In 1937 Malvern Quakers bought the land at 1 Orchard Road and appealed for funds to build a new Meeting House. They were encouraged by the Quaker Cadbury family, and Malvern’s proximity to Bournville led to J R Armstrong, architect to the Bournville Village Trust, being asked to design the building. His design was influenced by Arts and Crafts principles, often used for Meeting Houses in the earlier part of the twentieth century.

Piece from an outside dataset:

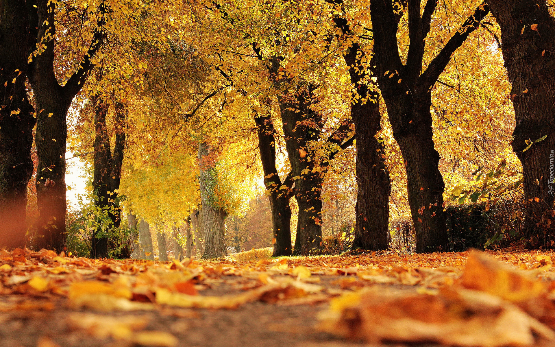 Edytor tapety: Drzewa z pożółkłymi liśćmi w parku
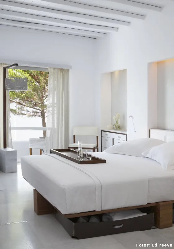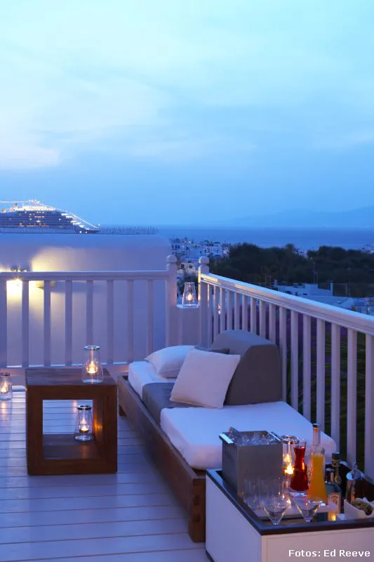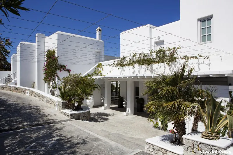 Antigua y sorprendentemente bella, Mykonos, mantiene intacta su esencia, sus rocas, sus colores blancos y azules, sus jardines de cipreses y buganvillas, pero aun así –como todo centro turístico- ha sabido cuándo remodelar y aggiornar sus hoteles.

Historic England, who listed the building in 2019, note that ‘the meeting house is one of only a small number to be purpose-built in this era and remains an excellent example of the tradition as it was to be found in the interwar period’.
The oak furniture in the Meeting House is designed in keeping with the style of the building and built by Bryn Mawr Furniture Makers, which had been formed by Quakers in Wales during the Depression in an attempt to relieve the mass unemployment and economic hardship of the time. The Meeting House was formally opened on July 2, 1938, by Charles Cadbury.
1 Orchard Road, Malvern, Worcestershire, WR14 3DA
The accessible entrance is at the rear of the Meeting House: follow the tarmac path to the left of the building round to the rear door, and enter by wheeling up a slight ramp.
While the Meeting House is a place of worship, it is also a community resource for hire, and regularly welcomes loud and cheerful visiting children and family parties. Please come and enjoy the space.